Joe Strummer - Page 2

The Clash are the essential punk group because they survived the original punk explosion and evolved into other contemporary forms, all the while maintaining and elaborating upon their original ideas. Singer/guitarist Joe Strummer was a diplomat's son with an upper-middle class education playing in pub-rock bands with the likes of Graham Parker and Elvis Costello when he heard the Sex Pistols for the first time in early 1976. "It's a whole new thing, man," he confided in reverent tones to Parker, "a whole new thing."

Immediatley thereafter, Strummer quit his pub-rock band and formed the Clash with guitarist Mick Jones, bassist Paul Simonon, and various drummers, including Topper Headon. The Clash's first album - released in England in 1977, but not in the US until 1979 - was an incendiary classic that was at once more melodic and more assaultive the the Sex Pistol's album.

Several songs from the first Clash album (The Clash) are on this collection. The greatest of which is the Clash's remake of the Bobby Fuller Four's "I Fought the Law." Bobby Fuller's 1965 original was a Buddy Hollyesque classic rife with ambivalence and sweet regret. It is more apologetic than antisocial:

"I miss my baby and I feel so bad,
I guess my race is run,
She is the best girl I ever had,
I fought the law and the law won,
I fought the law and the law won."

The Clash tilt the rhythm forward, shift the guitar riff from rockabilly-melodic to punk-propulsive and howl their way through the song with monomaniacal outrage and defiance.
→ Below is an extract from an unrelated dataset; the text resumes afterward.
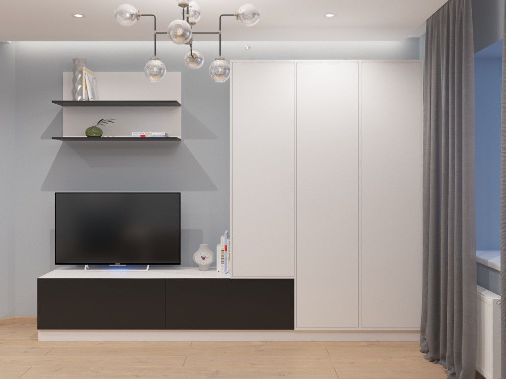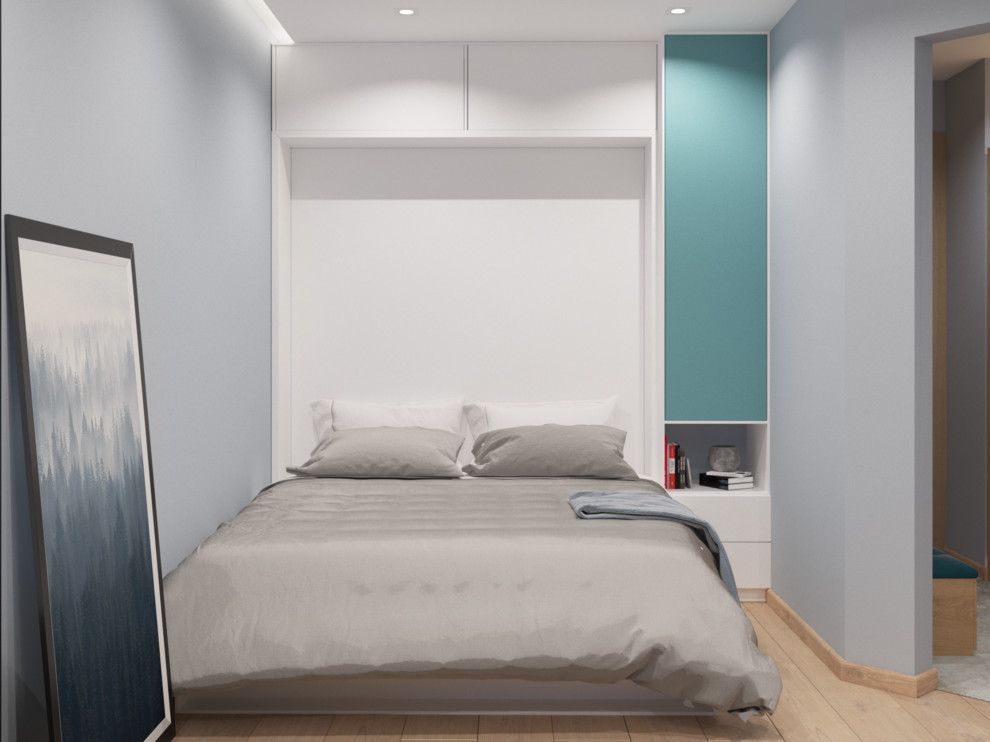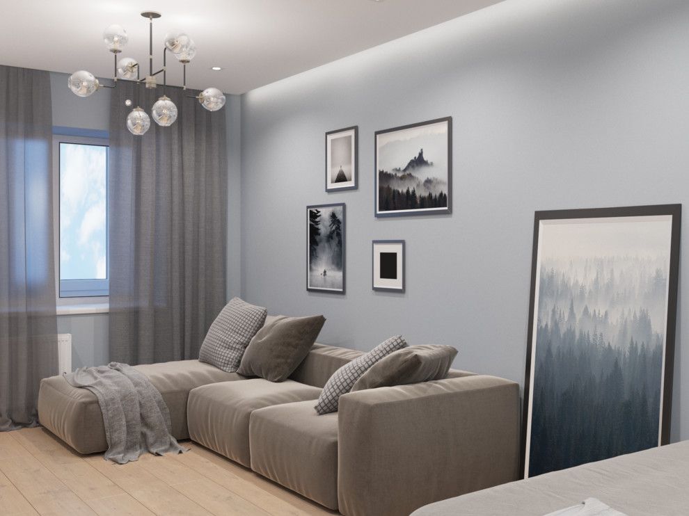 De aceasta data nu avem doar un spatiu de dormit ci doua zone de relaxare inglobate intr-una singura. Vizual, patul se pierde, mergand pe aceeasi linie cu mobilierul si lasa loc de exprimare canapelei pozitionate central. Diferitele nuante de gri sunt culorile predominante ale camerei iar modernul se lasa evidentiat prin accentele subtile decorative precum tablourile si corpurile de iluminat.

When Strummer sings, "A-breakin' rocks in the hot sun,
I fought the law and the law won, I fought the law and the law won," the rocks are beaten into dust and the law is put on notice that its victory is only temporary.

The Clash set the tone for the band's subsequent career. While the Clash moved musically through a variety of styles on subsequent albums: Give Them Enough Rope (1978), London Calling (1979), Black Market Clash EP (1980), Sandanista! (1980), Combat Rock (1982), including reggae ("Pressure Drop'" "The Guns of Brixton," "Bankrobber"), funk ("The Magnificent 7," "This Is Radio Clash," "Rock the Casbah"), and various rock permutations, the Clash's focus always remained on one thing: confrontation. The Clash is among the most aptly named groups in the history of rock and roll.